If you do not use a framework, you need to manually add high-order items to the data, and it is much more convenient to have a framework. Sklearn uses the Pipeline function to simplify this part of the preprocessing process.

When degree=1 in PolynomialFeatures, the effect is the same as using LinearRegression, the result is a linear model, in degree=2, it is a quadratic equation, if it is a single variable, it is a parabola, and a double variable is a parabola. and so on.

Here is a fit_intercept parameter, and let's take an example to see what it does.

When fit_intercept is True, the first value in coef_ is 0. the value in coef_ _ is the actual intercept.

When fit_intercept is False, the first value in coef_ is the intercept and the value in intercept_ is 0.

As shown in the figure, the first part is the result when fit_intercept is True, and the second part is the result when fit_intercept is False.

While fit_intercept is True:.Coefficients: [0.00000000e+00-3.70858180e-04 2.78609637e-05] Intercept: 204.25470490804574the model is: y = 204.25470490804574 +-0.00037085818009180454 * XMean squared error: 26964.95Variance score:-3.61 while fit_intercept is False:.. Intercept: 0.0the model is: y = 204.2547049080572 +-0.0003708581801012066 * X + 2.7860963722809286e-05 * X ^ 2Mean squared error: 7147.78Variance score:-0.224.3 Visualization

After reading the above, do you have any further understanding of how Python implements polynomial regression? If you want to know more knowledge or related content, please follow the industry information channel, thank you for your support.

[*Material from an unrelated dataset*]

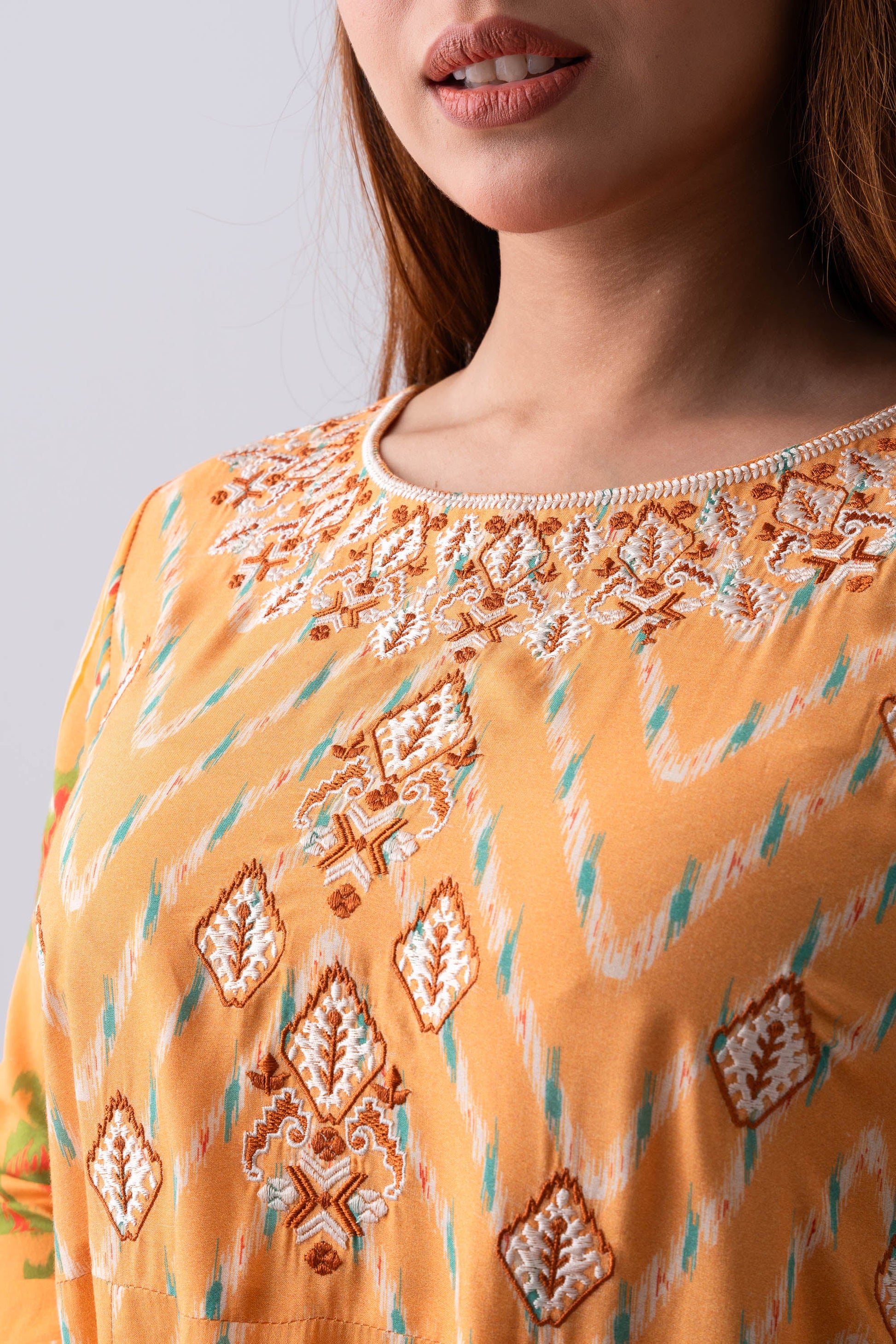 - Embroidered yoke.

Welcome to subscribe "Shulou Technology Information " to get latest news, interesting things and hot topics in the IT industry, and controls the hottest and latest Internet news, technology news and IT industry trends.

*The comments in the above article only represent the author's personal views and do not represent the views and positions of this website. If you have more insights, please feel free to contribute and share.